State v. Montgomery

Citation254 Conn. 694,759 A.2d 995
Parties(Conn. 2000) STATE OF CONNECTICUT V. TYRONE MONTGOMERY SC 15880
Decision Date17 October 2000
CourtSupreme Court of Connecticut

Kent Drager, senior assistant public defender, for the appellant (defendant).

Judith Rossi, executive assistant state's attorney, with whom, on the brief, were James E. Thomas, state's attorney, and Dennis O'Connor, senior assistant state's attorney, for the appellee (state).

Borden, Norcott, Katz, Palmer and Sullivan, Js.

Palmer, J.

OPINION

The defendant, Tyrone Montgomery, was charged with murder in violation of General Statutes §§ 53a-54a (a),1 felony murder in violation of General Statutes §§ 53a-54c2 and attempted murder in violation of General Statutes §§§§ 53a-54a (a) and 53a-49 (a) (2).3 The defendant also was charged under General Statutes §§ 53- 202k4 with using a firearm during the commission of a class A, B or C felony. A jury found the defendant guilty of murder and felony murder.5 The trial court rendered judgment in accordance with the jury verdict and sentenced the defendant to a prison term of sixty years.6 The court also determined, from the evidence presented at trial, that the defendant had used a firearm during the commission of the murder in violation of §§ 53-202k.

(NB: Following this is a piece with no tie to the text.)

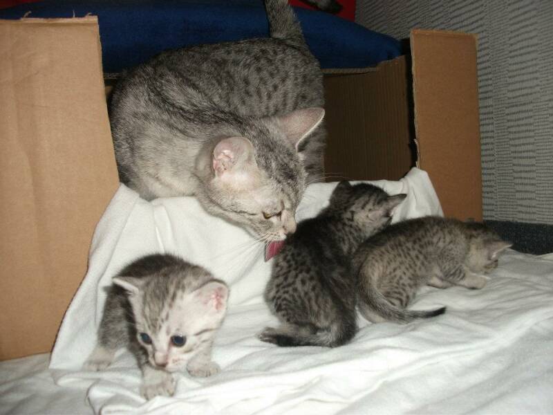 Ons allereerste nestje. Dat was best spannend. In het midden van de nacht begon Milou er aan. Rond 04 u hoorde ik een piep waarvan ik wakker werd. Haar eerste kitten was reeds geboren en lag voor de bevallingsdoos. Ik legde het onmiddellijk bij Milou en haar instinct schoot in gang. Nummer 2 en nummer 3 volgden vlot nadien. Het duurde wel enkele dagen vooraleer we wisten welke geslachten het waren. Het was 1 poesje en 2 katers.
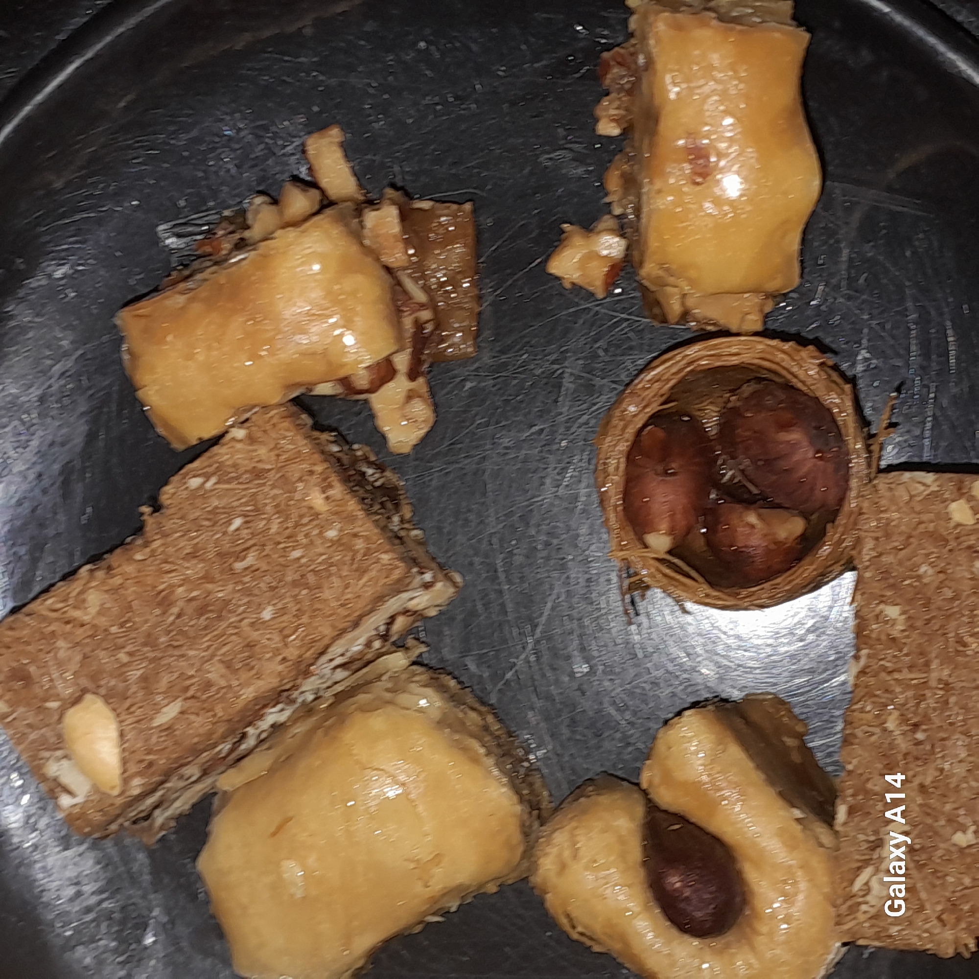 - "A dark-colored plate holds several pieces of Middle Eastern pastries" by FM-V8KrL2, licensed under CC BY 4.0

Accordingly, the trial court, pursuant to §§ 53-202k, imposed a five year sentence to run consecutively to the defendant's sixty year sentence, for a total effective term of imprisonment of sixty-five years. On appeal,7 the defendant claims that the trial court improperly: (1) denied his motion to suppress certain handwritten notes that were seized from his car; (2) permitted the state to introduce evidence regarding his termination of a police interview prior to his arrest but after he had been advised of his Miranda8 rights; (3) permitted the state to introduce into evidence the testimony of a mental health worker regarding a statement that the defendant had made, which, he claims, was protected by the psychiatrist- patient privilege; (4) quashed a subpoena duces tecum issued by the defendant without conducting an in camera inspection of the materials sought thereunder; (5) instructed the jury on reasonable doubt; (6) concluded that the evidence was sufficient to support his conviction for felony murder; and (7) failed to instruct the jury regarding the elements of §§ 53-202k. We reject these claims and, accordingly, affirm the judgment of the trial court.

The jury reasonably could have found the following facts. The victim, Gayle Isleib, resided at 863 Tolland Turnpike in Manchester with her husband, Douglas Isleib. The victim was employed by a local Wal-Mart store, where she worked in the shoe department. On April 30, 1996, the victim worked the evening shift. The victim's husband expected the victim to return home from work at approximately 10:15 p.m. that evening.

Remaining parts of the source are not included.